В результате же получился не задушевный разговор с читателем, а беспощадный погром. «Художник, не видящий хотя бы и в тяжелом прошлом великого русского народа, ничего кроме отчаяния, не видит, следовательно, живых творческих сил народа, не может увидеть и понять движущих сил революции и ее героя».
Это был год 1937-й, когда после официальной критики спектакля Камерного театра «Богатыри»[61] стало уже не только можно, но и модно говорить о великом русском народе, а заодно топтать тех, кто понимал этот народ по-своему: «Вот до какого абсурда, до какого тупика и до какой клеветы докатился Платонов, подменяя в своих произведениях могучий русский народ, классовое самосознание пролетариата и его боевую революционную партию рахитичными, убитыми жалостью нищими, блаженными великомучениками, косными и отчаявшимися людьми».
Гурвич подошел к Платонову основательно. Он впихнул в свою статью почти все, что на тот момент было ему доступно: и «Город Градов», и «Сокровенного человека», и «Происхождение мастера», и «Усомнившегося Макара», и «Впрок», и, разумеется, рассказы 1930-х годов, настойчиво проводя любезную любому литературоведу мысль о постоянстве авторских мотивов. Если вспомнить фразу Платонова об однообразии его идеалов, то получается, что Гурвич был не так уж и не прав в своих наблюдениях. Однако написанное им было той полуправдой, что хуже лжи.
«Платонов, как и его герои, не только не питает ненависти к страданиям, а, наоборот, жадно набрасывается на них, как религиозный фанатик, одержимый идеей спасти душу тяжелыми веригами. Страдающим он предлагает
Но это еще полбеды. Далее Гурвич нашел более сильные ходы: «Непроходимая пропасть отделяет платоновских героев от действительных героев нашего времени. Платонов и его герои не идут к партии. Наоборот, они хотят партию приблизить, „притянуть“ к себе, хотят именем самой великой и боеспособной партии прикрыть и утвердить свою философию нищеты, свой анархо-индивидуализм, свою душевную бедность, свое худосочие и бескровие, свою христианскую юродивую скорбь и великомученичество».

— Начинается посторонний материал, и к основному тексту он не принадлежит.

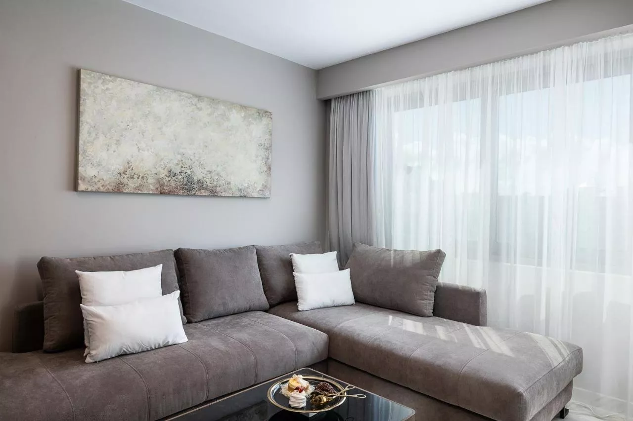 Dimensiuni: 30 mp Numar de camere: 1 camera Această suită de lux cu vedere la mare are 1 dormitor matrimonial și living separat, cu 1 canapea extensibilă dublă sau 2 canapele extensibile de o persoană. Aceasta include:

Напомним, это был 1937 год. А Гурвич был не дурак и не фанатик. Он видел, что происходит в стране, и не мог не понимать, что за его обвинениями должно последовать. Он сочинял изысканный донос на своего героя («он ищет в революции замену религии, а не отмену ее <…> ищет новую религию, новую опору для самоотречения, новую христианскую апологию нищенства»), но хотел ли критик физического уничтожения писателя, в чьем литературном таланте не сомневался? Едва ли. Шахматист не был кровожаден. Он хотел написать академично, философски, его тянуло сопоставлять Андрея Платонова со Львом Толстым («У Толстого умирает человек. У Платонова — организм. У Толстого смерть — душевная, психологическая трагедия. У Платонова — биологический факт»), с Пушкиным, с Достоевским, но он писал не один — у него был соавтор. Только не тот мистический двойник, как у Платонова в пору создания «Котлована». Гурвичу помогали вполне конкретные люди — «ребята» из «Красной нови», которые тащили его в большую политику, и статья правилась, уточнялась всей оскорбленной редакцией журнала или по меньшей мере ее руководящим ядром во главе с В. В. Ермиловым. Это даже по перепаду стиля чувствуется.
«Было бы дико и смешно сейчас, на пороге двадцатилетия Великой Октябрьской революции, возвращаться к азбучным истинам и доказывать, что <…> развитие духовной деятельности человека требует в первую голову разгрома всяческих религиозных оков, уничтожения душного религиозного дурмана, которому так подвластны обмороки, отчаяние, смиренная косность и беспамятная жизнь платоновских героев <…> Платоновский индивидуалист-кустарь лютует и юродствует, насколько ему только позволяет его разнузданное и озлобленное воображение <…> уничтожает все нужное, полезное, общественное, брызжет слюной, называя всех горожан дураками. Это — настоящий бунт, слепой, неудержимый, дикий и жалкий в своей беспомощности. Источник его обезумевшей мстительной страстности — злоба, косность и отчаяние».